(Raw data begins)

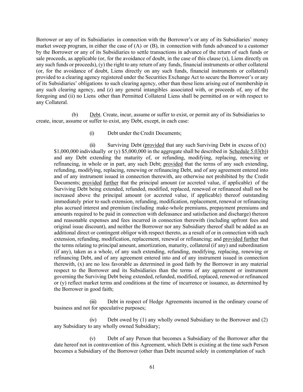 61 Borrower or any of its Subsidiaries in connection with the Borrower’s or any of its Subsidiaries’ money market sweep program, in either the case of (A) or (B), in connection with funds advanced to a customer by the Borrower or any of its Subsidiaries to settle transactions in advance of the return of such funds or sale proceeds, as applicable (or, for the avoidance of doubt, in the case of this clause (x), Liens directly on any such funds or proceeds), (y) the right to any return of any funds, financial instruments or other collateral (or, for the avoidance of doubt, Liens directly on any such funds, financial instruments or collateral) provided to a clearing agency registered under the Securities Exchange Act to secure the Borrower’s or any of its Subsidiaries’ obligations to such clearing agency, other than those liens arising out of membership in any such clearing agency, and (z) any general intangibles associated with, or proceeds of, any of the foregoing and (ii) no Liens other than Permitted Collateral Liens shall be permitted on or with respect to any Collateral. (b) Debt. Create, incur, assume or suffer to exist, or permit any of its Subsidiaries to create, incur, assume or suffer to exist, any Debt, except, in each case: (i) Debt under the Credit Documents; (ii) Surviving Debt (provided that any such Surviving Debt in excess of (x) $1,000,000 individually or (y) $5,000,000 in the aggregate shall be described in Schedule 5.03(b)) and any Debt extending the maturity of, or refunding, modifying, replacing, renewing or refinancing, in whole or in part, any such Debt; provided that the terms of any such extending, refunding, modifying, replacing, renewing or refinancing Debt, and of any agreement entered into and of any instrument issued in connection therewith, are otherwise not prohibited by the Credit Documents; provided further that the principal amount (or accreted value, if applicable) of the Surviving Debt being extended, refunded, modified, replaced, renewed or refinanced shall not be increased above the principal amount (or accreted value, if applicable) thereof outstanding immediately prior to such extension, refunding, modification, replacement, renewal or refinancing plus accrued interest and premium (including make-whole premiums, prepayment premiums and amounts required to be paid in connection with defeasance and satisfaction and discharge) thereon and reasonable expenses and fees incurred in connection therewith (including upfront fees and original issue discount), and neither the Borrower nor any Subsidiary thereof shall be added as an additional direct or contingent obligor with respect thereto, as a result of or in connection with such extension, refunding, modification, replacement, renewal or refinancing; and provided further that the terms relating to principal amount, amortization, maturity, collateral (if any) and subordination (if any), taken as a whole, of any such extending, refunding, modifying, replacing, renewing or refinancing Debt, and of any agreement entered into and of any instrument issued in connection therewith, (x) are no less favorable as determined in good faith by the Borrower in any material respect to the Borrower and its Subsidiaries than the terms of any agreement or instrument governing the Surviving Debt being extended, refunded, modified, replaced, renewed or refinanced or (y) reflect market terms and conditions at the time of incurrence or issuance, as determined by the Borrower in good faith; (iii) Debt in respect of Hedge Agreements incurred in the ordinary course of business and not for speculative purposes; (iv) Debt owed by (1) any wholly owned Subsidiary to the Borrower and (2) any Subsidiary to any wholly owned Subsidiary; (v) Debt of any Person that becomes a Subsidiary of the Borrower after the date hereof not in contravention of this Agreement, which Debt is existing at the time such Person becomes a Subsidiary of the Borrower (other than Debt incurred solely in contemplation of such
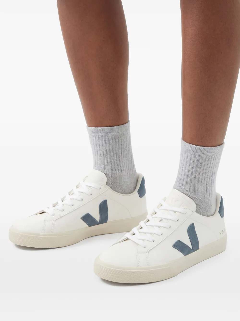 ホワイト、ブルーグレー、カーフレザー、フロントにレースアップ、ラウンドトゥ、サイドにロゴパッチ、ブランドロゴ入りヒールカウンター、フラットラバーソール。エシカルコンシャス:
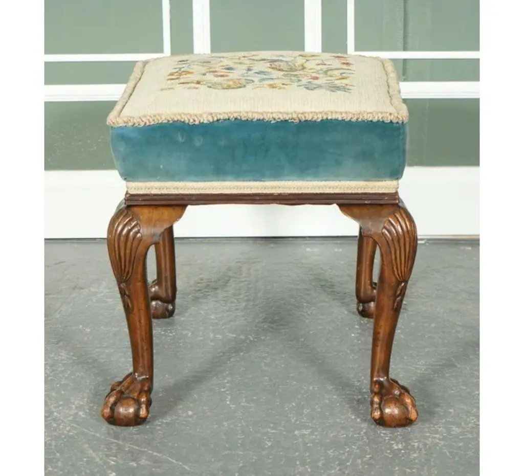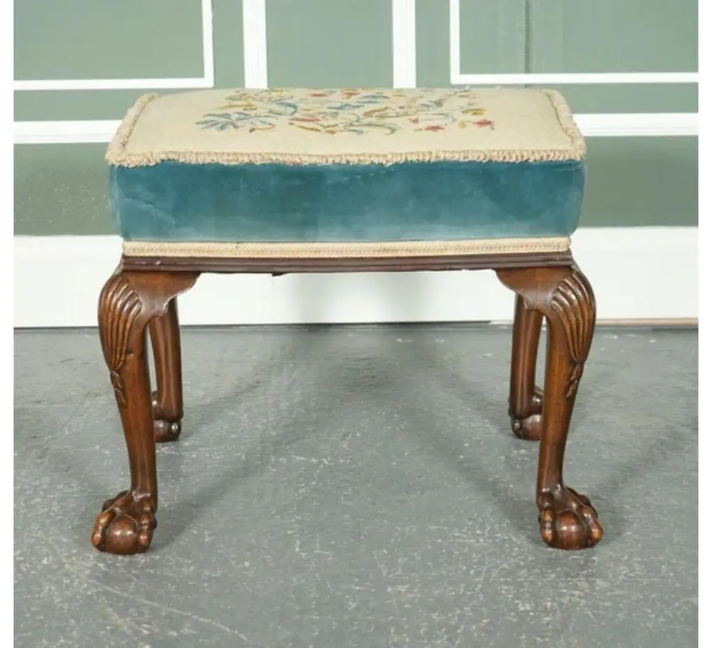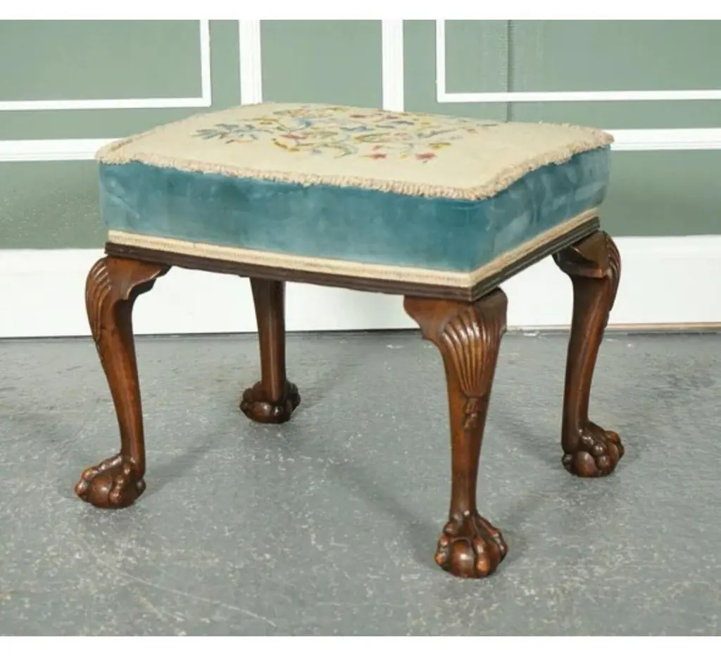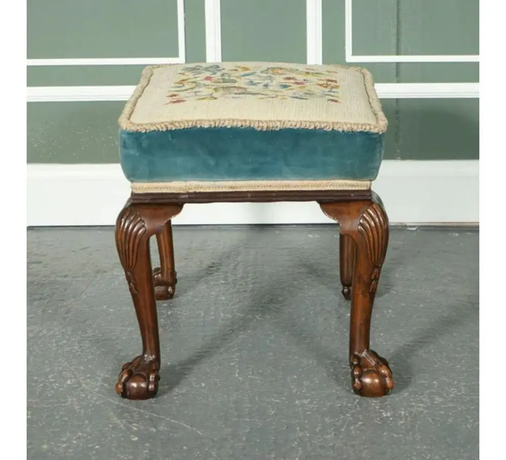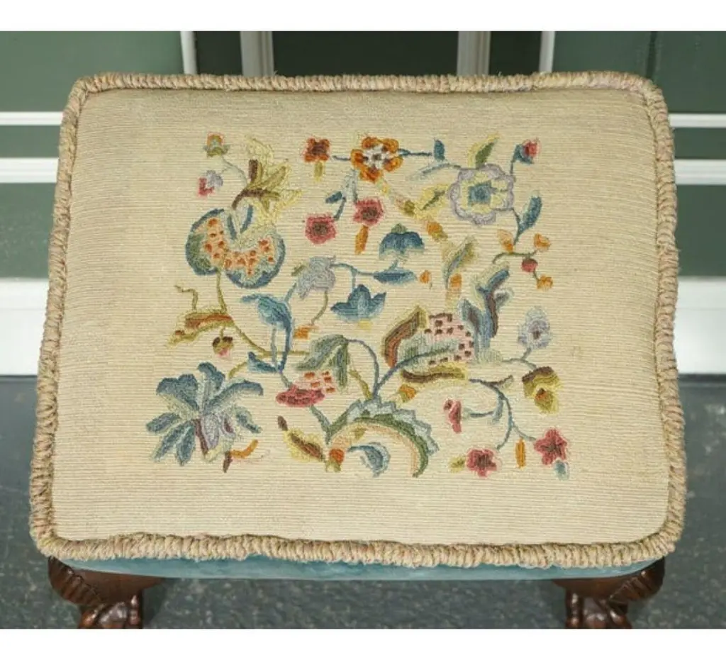 Fine Victorian Flower Upholstery Claw And Ball Carved Foot Stool

(Raw data ends)

**Exercise**
Please give the data above again in exact form and omit every picture.

**Answer**
 61 Borrower or any of its Subsidiaries in connection with the Borrower’s or any of its Subsidiaries’ money market sweep program, in either the case of (A) or (B), in connection with funds advanced to a customer by the Borrower or any of its Subsidiaries to settle transactions in advance of the return of such funds or sale proceeds, as applicable (or, for the avoidance of doubt, in the case of this clause (x), Liens directly on any such funds or proceeds), (y) the right to any return of any funds, financial instruments or other collateral (or, for the avoidance of doubt, Liens directly on any such funds, financial instruments or collateral) provided to a clearing agency registered under the Securities Exchange Act to secure the Borrower’s or any of its Subsidiaries’ obligations to such clearing agency, other than those liens arising out of membership in any such clearing agency, and (z) any general intangibles associated with, or proceeds of, any of the foregoing and (ii) no Liens other than Permitted Collateral Liens shall be permitted on or with respect to any Collateral. (b) Debt. Create, incur, assume or suffer to exist, or permit any of its Subsidiaries to create, incur, assume or suffer to exist, any Debt, except, in each case: (i) Debt under the Credit Documents; (ii) Surviving Debt (provided that any such Surviving Debt in excess of (x) $1,000,000 individually or (y) $5,000,000 in the aggregate shall be described in Schedule 5.03(b)) and any Debt extending the maturity of, or refunding, modifying, replacing, renewing or refinancing, in whole or in part, any such Debt; provided that the terms of any such extending, refunding, modifying, replacing, renewing or refinancing Debt, and of any agreement entered into and of any instrument issued in connection therewith, are otherwise not prohibited by the Credit Documents; provided further that the principal amount (or accreted value, if applicable) of the Surviving Debt being extended, refunded, modified, replaced, renewed or refinanced shall not be increased above the principal amount (or accreted value, if applicable) thereof outstanding immediately prior to such extension, refunding, modification, replacement, renewal or refinancing plus accrued interest and premium (including make-whole premiums, prepayment premiums and amounts required to be paid in connection with defeasance and satisfaction and discharge) thereon and reasonable expenses and fees incurred in connection therewith (including upfront fees and original issue discount), and neither the Borrower nor any Subsidiary thereof shall be added as an additional direct or contingent obligor with respect thereto, as a result of or in connection with such extension, refunding, modification, replacement, renewal or refinancing; and provided further that the terms relating to principal amount, amortization, maturity, collateral (if any) and subordination (if any), taken as a whole, of any such extending, refunding, modifying, replacing, renewing or refinancing Debt, and of any agreement entered into and of any instrument issued in connection therewith, (x) are no less favorable as determined in good faith by the Borrower in any material respect to the Borrower and its Subsidiaries than the terms of any agreement or instrument governing the Surviving Debt being extended, refunded, modified, replaced, renewed or refinanced or (y) reflect market terms and conditions at the time of incurrence or issuance, as determined by the Borrower in good faith; (iii) Debt in respect of Hedge Agreements incurred in the ordinary course of business and not for speculative purposes; (iv) Debt owed by (1) any wholly owned Subsidiary to the Borrower and (2) any Subsidiary to any wholly owned Subsidiary; (v) Debt of any Person that becomes a Subsidiary of the Borrower after the date hereof not in contravention of this Agreement, which Debt is existing at the time such Person becomes a Subsidiary of the Borrower (other than Debt incurred solely in contemplation of such
 ホワイト、ブルーグレー、カーフレザー、フロントにレースアップ、ラウンドトゥ、サイドにロゴパッチ、ブランドロゴ入りヒールカウンター、フラットラバーソール。エシカルコンシャス:
 Fine Victorian Flower Upholstery Claw And Ball Carved Foot Stool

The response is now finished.